*Data section*

※

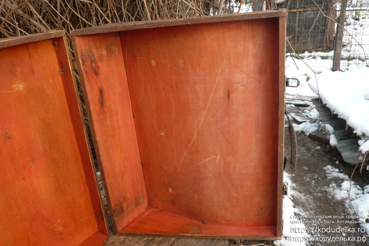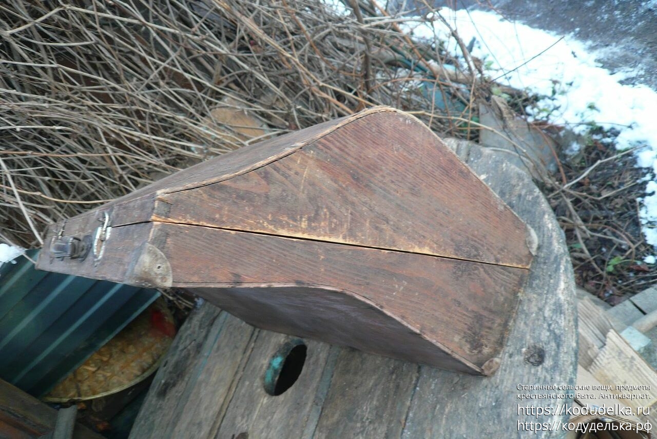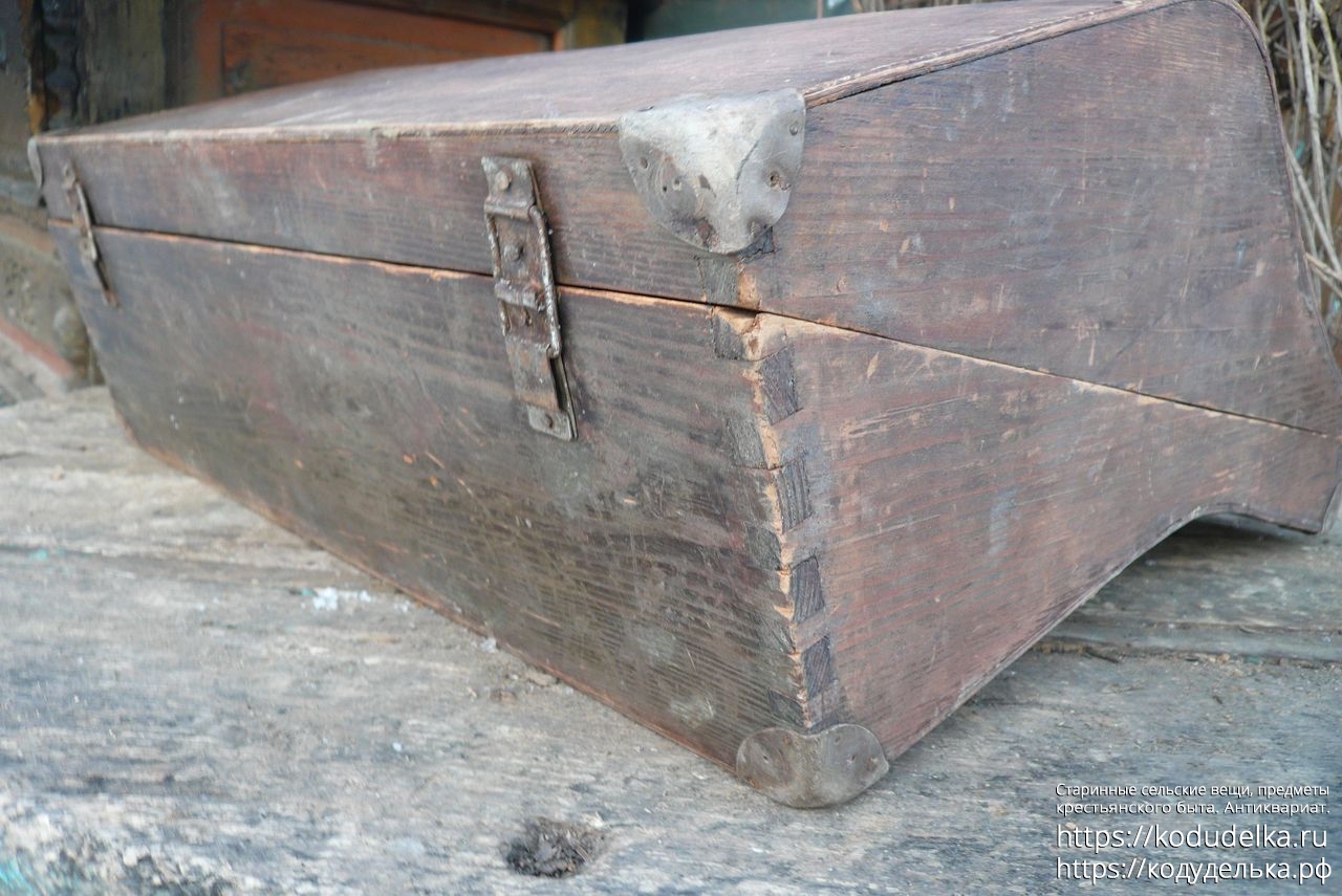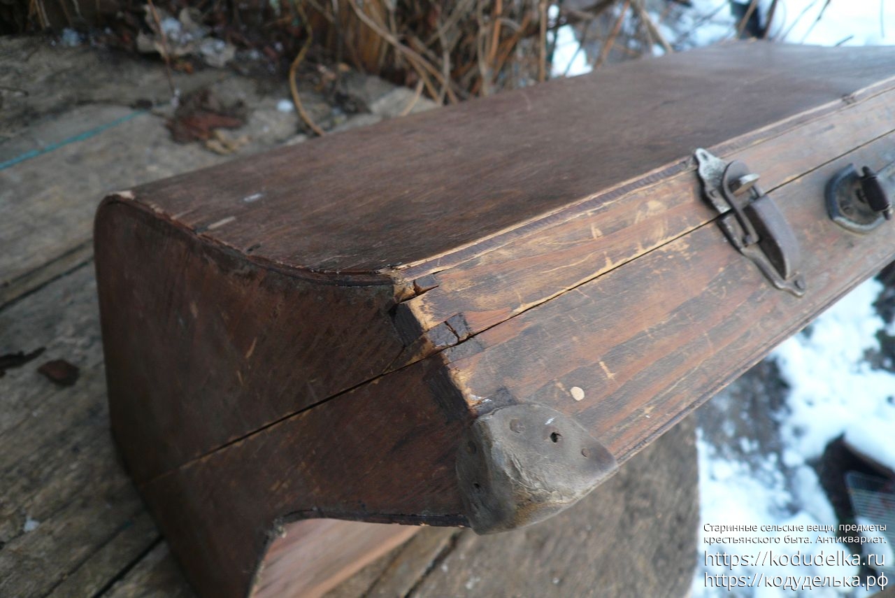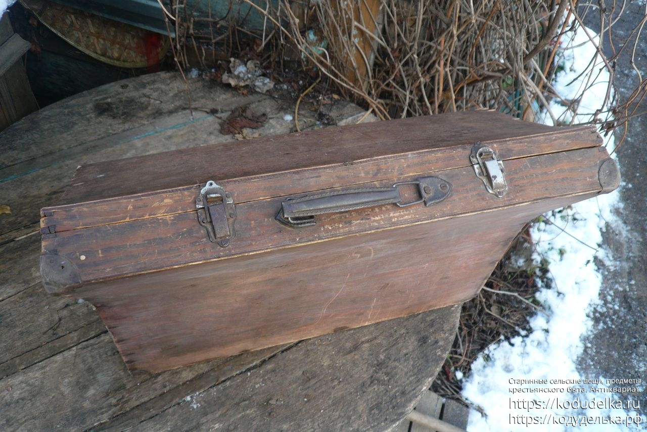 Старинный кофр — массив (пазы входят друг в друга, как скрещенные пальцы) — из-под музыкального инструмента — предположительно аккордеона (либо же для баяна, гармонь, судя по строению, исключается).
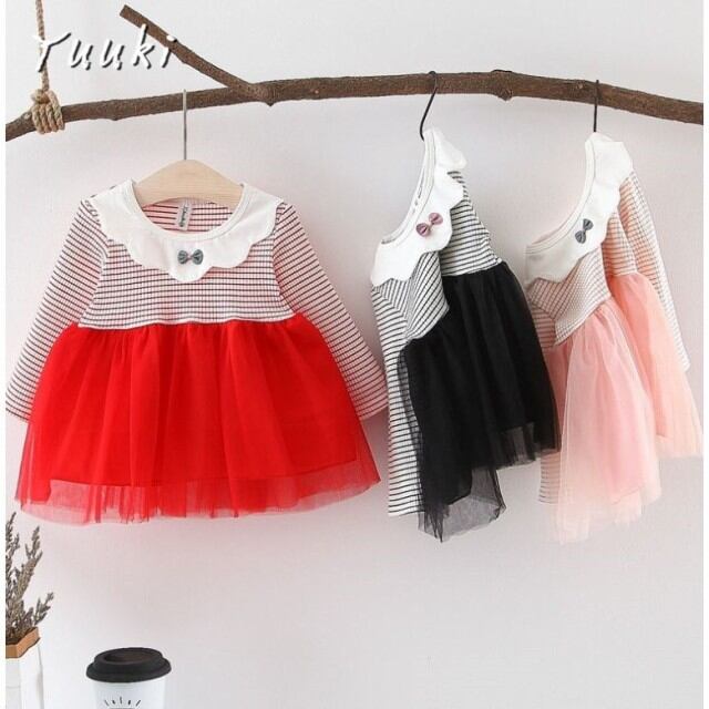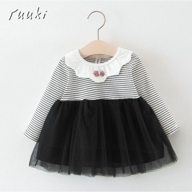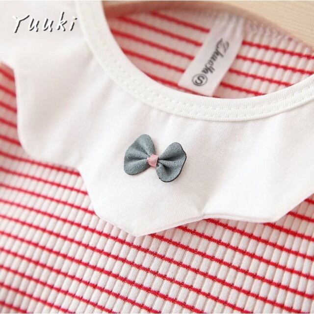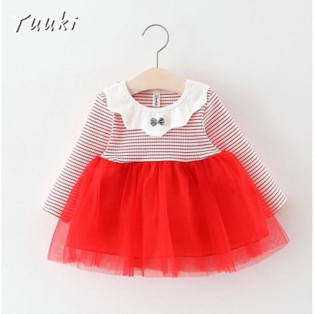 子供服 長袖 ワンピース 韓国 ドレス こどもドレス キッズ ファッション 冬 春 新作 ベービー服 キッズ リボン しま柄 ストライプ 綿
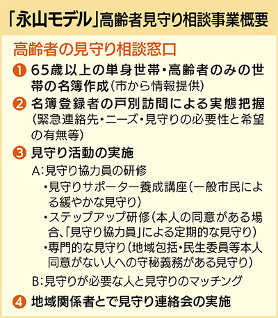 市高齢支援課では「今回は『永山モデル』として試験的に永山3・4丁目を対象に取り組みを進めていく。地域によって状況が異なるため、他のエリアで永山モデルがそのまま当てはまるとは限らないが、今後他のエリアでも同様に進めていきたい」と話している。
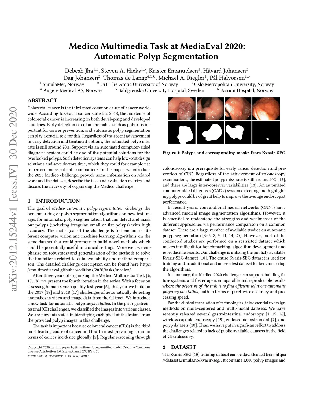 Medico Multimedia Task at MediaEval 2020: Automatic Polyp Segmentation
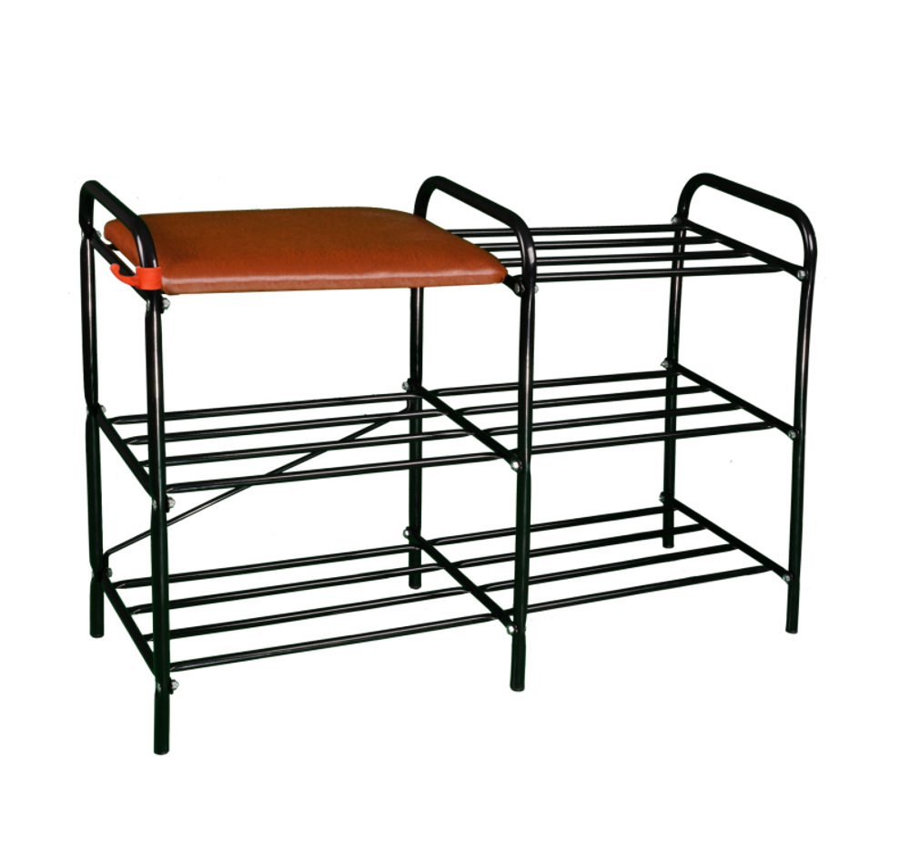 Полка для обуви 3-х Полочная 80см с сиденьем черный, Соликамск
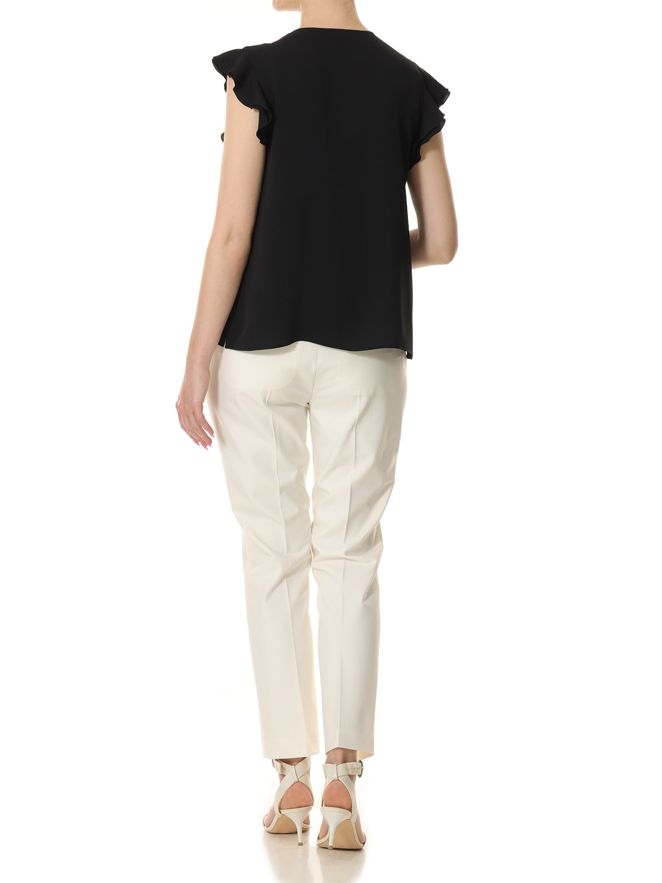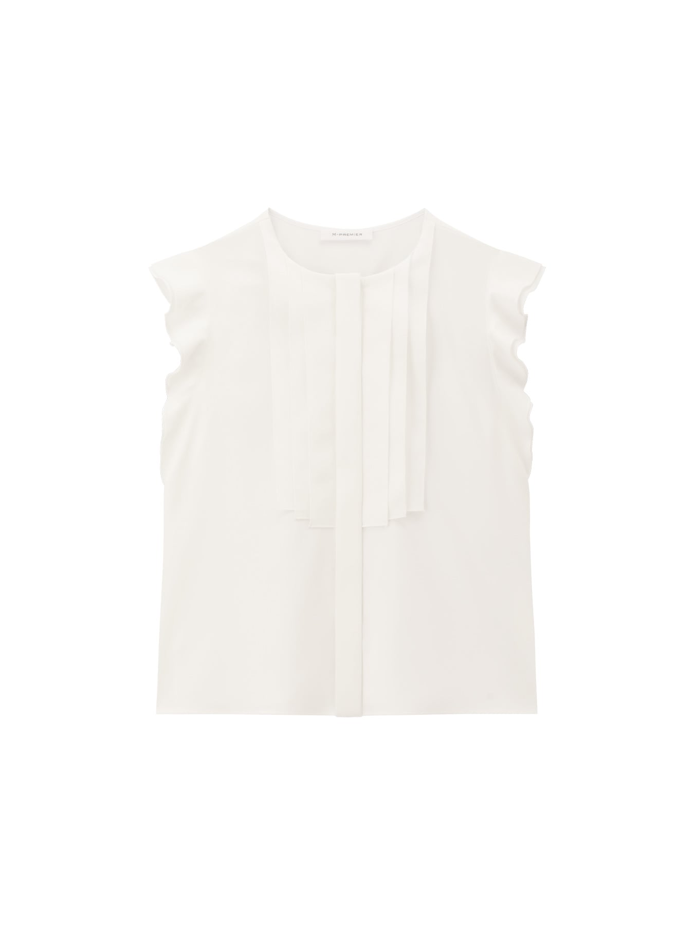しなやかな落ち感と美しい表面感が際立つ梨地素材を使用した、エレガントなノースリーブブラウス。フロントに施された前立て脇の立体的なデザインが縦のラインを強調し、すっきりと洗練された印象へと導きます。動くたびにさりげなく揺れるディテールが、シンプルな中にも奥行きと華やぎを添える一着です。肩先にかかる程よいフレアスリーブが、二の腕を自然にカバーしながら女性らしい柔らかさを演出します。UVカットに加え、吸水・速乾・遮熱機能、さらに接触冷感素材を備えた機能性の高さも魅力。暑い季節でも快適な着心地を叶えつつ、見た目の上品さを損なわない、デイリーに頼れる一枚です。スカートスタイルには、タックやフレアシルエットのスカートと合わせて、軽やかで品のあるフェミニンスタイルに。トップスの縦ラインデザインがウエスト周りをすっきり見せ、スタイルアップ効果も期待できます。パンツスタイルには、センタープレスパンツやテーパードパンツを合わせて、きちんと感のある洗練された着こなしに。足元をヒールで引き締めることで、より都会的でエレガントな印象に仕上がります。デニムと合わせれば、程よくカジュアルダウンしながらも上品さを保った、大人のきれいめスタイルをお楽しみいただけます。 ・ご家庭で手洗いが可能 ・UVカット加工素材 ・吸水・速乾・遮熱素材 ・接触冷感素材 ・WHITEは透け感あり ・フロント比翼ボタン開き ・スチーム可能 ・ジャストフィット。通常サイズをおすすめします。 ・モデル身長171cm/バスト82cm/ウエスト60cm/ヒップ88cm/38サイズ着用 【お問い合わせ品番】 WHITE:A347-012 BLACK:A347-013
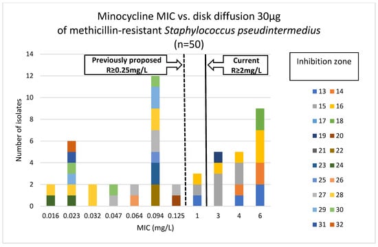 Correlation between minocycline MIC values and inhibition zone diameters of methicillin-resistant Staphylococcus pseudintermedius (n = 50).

※

Give again exactly the lines from the one holding "市高齢支援課では「今回は『永" to the final line of the records, both ends included, and nothing more. Pictures do not belong in the copy.

 市高齢支援課では「今回は『永山モデル』として試験的に永山3・4丁目を対象に取り組みを進めていく。地域によって状況が異なるため、他のエリアで永山モデルがそのまま当てはまるとは限らないが、今後他のエリアでも同様に進めていきたい」と話している。
 Medico Multimedia Task at MediaEval 2020: Automatic Polyp Segmentation
 Полка для обуви 3-х Полочная 80см с сиденьем черный, Соликамск
しなやかな落ち感と美しい表面感が際立つ梨地素材を使用した、エレガントなノースリーブブラウス。フロントに施された前立て脇の立体的なデザインが縦のラインを強調し、すっきりと洗練された印象へと導きます。動くたびにさりげなく揺れるディテールが、シンプルな中にも奥行きと華やぎを添える一着です。肩先にかかる程よいフレアスリーブが、二の腕を自然にカバーしながら女性らしい柔らかさを演出します。UVカットに加え、吸水・速乾・遮熱機能、さらに接触冷感素材を備えた機能性の高さも魅力。暑い季節でも快適な着心地を叶えつつ、見た目の上品さを損なわない、デイリーに頼れる一枚です。スカートスタイルには、タックやフレアシルエットのスカートと合わせて、軽やかで品のあるフェミニンスタイルに。トップスの縦ラインデザインがウエスト周りをすっきり見せ、スタイルアップ効果も期待できます。パンツスタイルには、センタープレスパンツやテーパードパンツを合わせて、きちんと感のある洗練された着こなしに。足元をヒールで引き締めることで、より都会的でエレガントな印象に仕上がります。デニムと合わせれば、程よくカジュアルダウンしながらも上品さを保った、大人のきれいめスタイルをお楽しみいただけます。 ・ご家庭で手洗いが可能 ・UVカット加工素材 ・吸水・速乾・遮熱素材 ・接触冷感素材 ・WHITEは透け感あり ・フロント比翼ボタン開き ・スチーム可能 ・ジャストフィット。通常サイズをおすすめします。 ・モデル身長171cm/バスト82cm/ウエスト60cm/ヒップ88cm/38サイズ着用 【お問い合わせ品番】 WHITE:A347-012 BLACK:A347-013
 Correlation between minocycline MIC values and inhibition zone diameters of methicillin-resistant Staphylococcus pseudintermedius (n = 50).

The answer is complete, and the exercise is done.